**WHAT YOU HAVE TO DO:** Everything in the listing that follows should be reproduced exactly except the pictures.

**MATERIAL PROVIDED:**
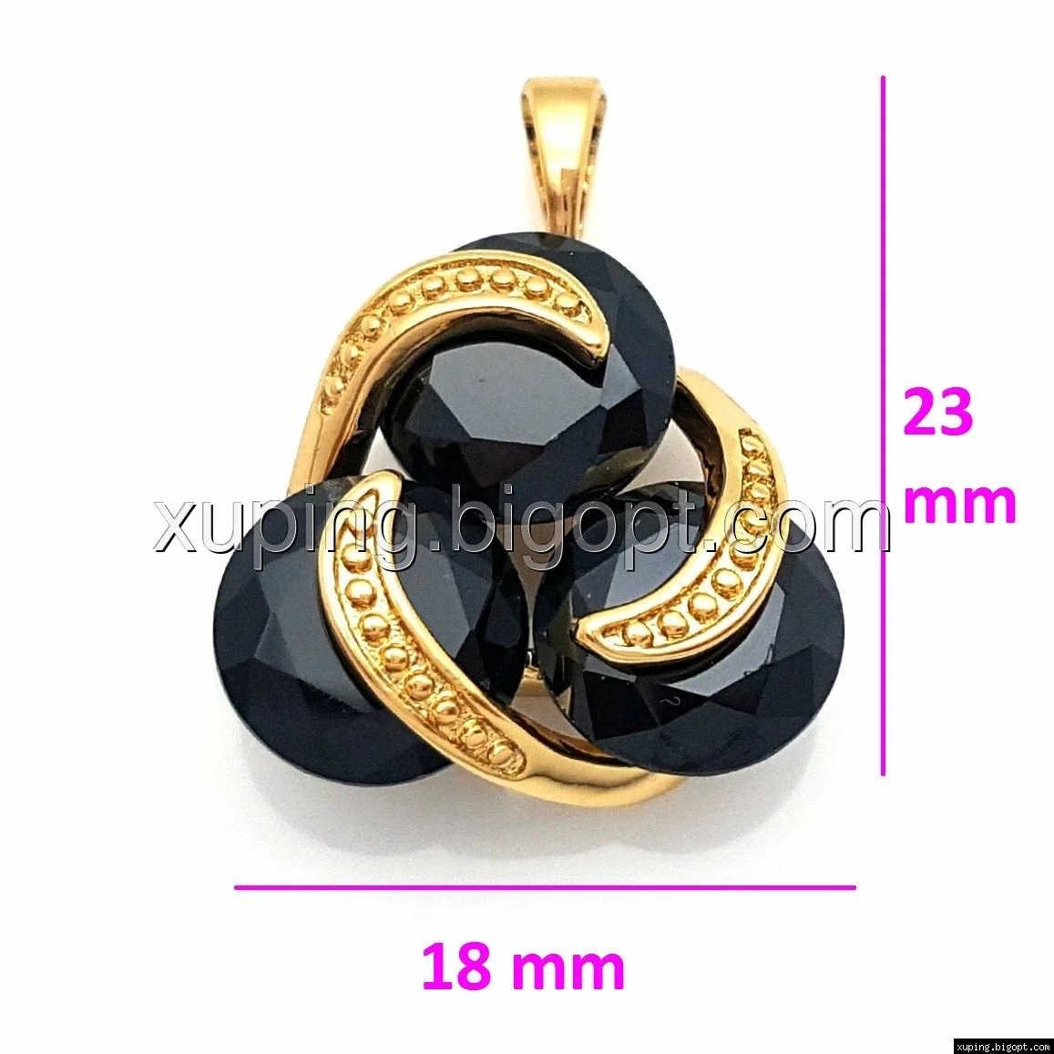 Кулон позолоченный, Три Черных циркония, Xuping
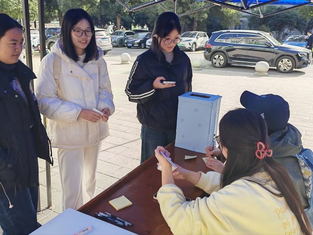 下午14:30,学生们陆陆续续开始在便签纸上写写画画,也许是他们心里藏着许许多多对老师或身边的人想说的话,所有人都低头将内心最真实的想法写在小小的一方纸上,虽不是千言万语的磅礴文字,简短的几句话也足以叙述令自己感动的瞬间:或是早八课堂上老师对学生作业的温柔注解,或是困惑时老师如春风的一句“我再讲一遍”,或是新认识的朋友在生活或学习上提供了莫大的帮助,或是令人印象深刻的课堂小趣事...记忆的片段汇成短短的几句话,浓浓的情感却蕴含其中。
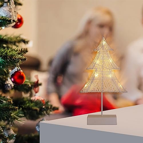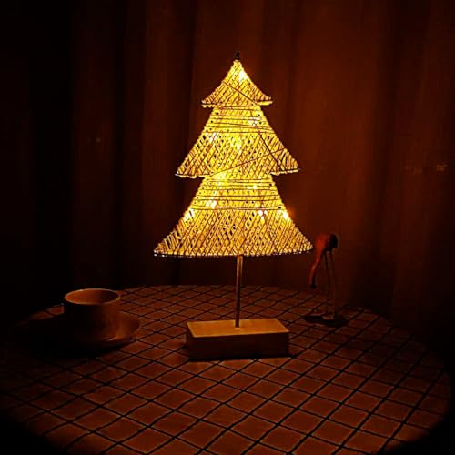 SENQIU Luce Notturna Bambini, Lampada da Notte a Forma di Albero di Natale in Rattan, LED Lampada da Comodino per Camera da Letto, Decorazione per Feste, Regali, 39CM in Altezza
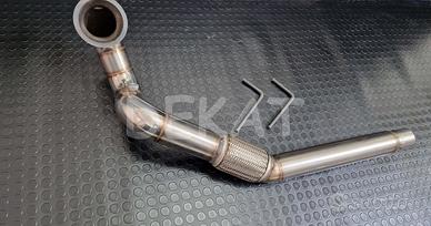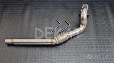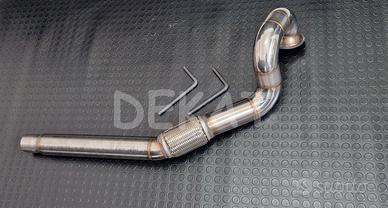 Downpipe ARTIGIANALE realizzato con tubo in acciaio INOX 304, adatto a sostituire il catalizzatore OPF / GPF sui motori 2.0 245 / 300 CV TSI benzina del gruppo VW - SOLO TRAZIONE ANTERIORE

**OUTPUT OF THE TASK:**
 Кулон позолоченный, Три Черных циркония, Xuping
 下午14:30,学生们陆陆续续开始在便签纸上写写画画,也许是他们心里藏着许许多多对老师或身边的人想说的话,所有人都低头将内心最真实的想法写在小小的一方纸上,虽不是千言万语的磅礴文字,简短的几句话也足以叙述令自己感动的瞬间:或是早八课堂上老师对学生作业的温柔注解,或是困惑时老师如春风的一句“我再讲一遍”,或是新认识的朋友在生活或学习上提供了莫大的帮助,或是令人印象深刻的课堂小趣事...记忆的片段汇成短短的几句话,浓浓的情感却蕴含其中。
 SENQIU Luce Notturna Bambini, Lampada da Notte a Forma di Albero di Natale in Rattan, LED Lampada da Comodino per Camera da Letto, Decorazione per Feste, Regali, 39CM in Altezza
 Downpipe ARTIGIANALE realizzato con tubo in acciaio INOX 304, adatto a sostituire il catalizzatore OPF / GPF sui motori 2.0 245 / 300 CV TSI benzina del gruppo VW - SOLO TRAZIONE ANTERIORE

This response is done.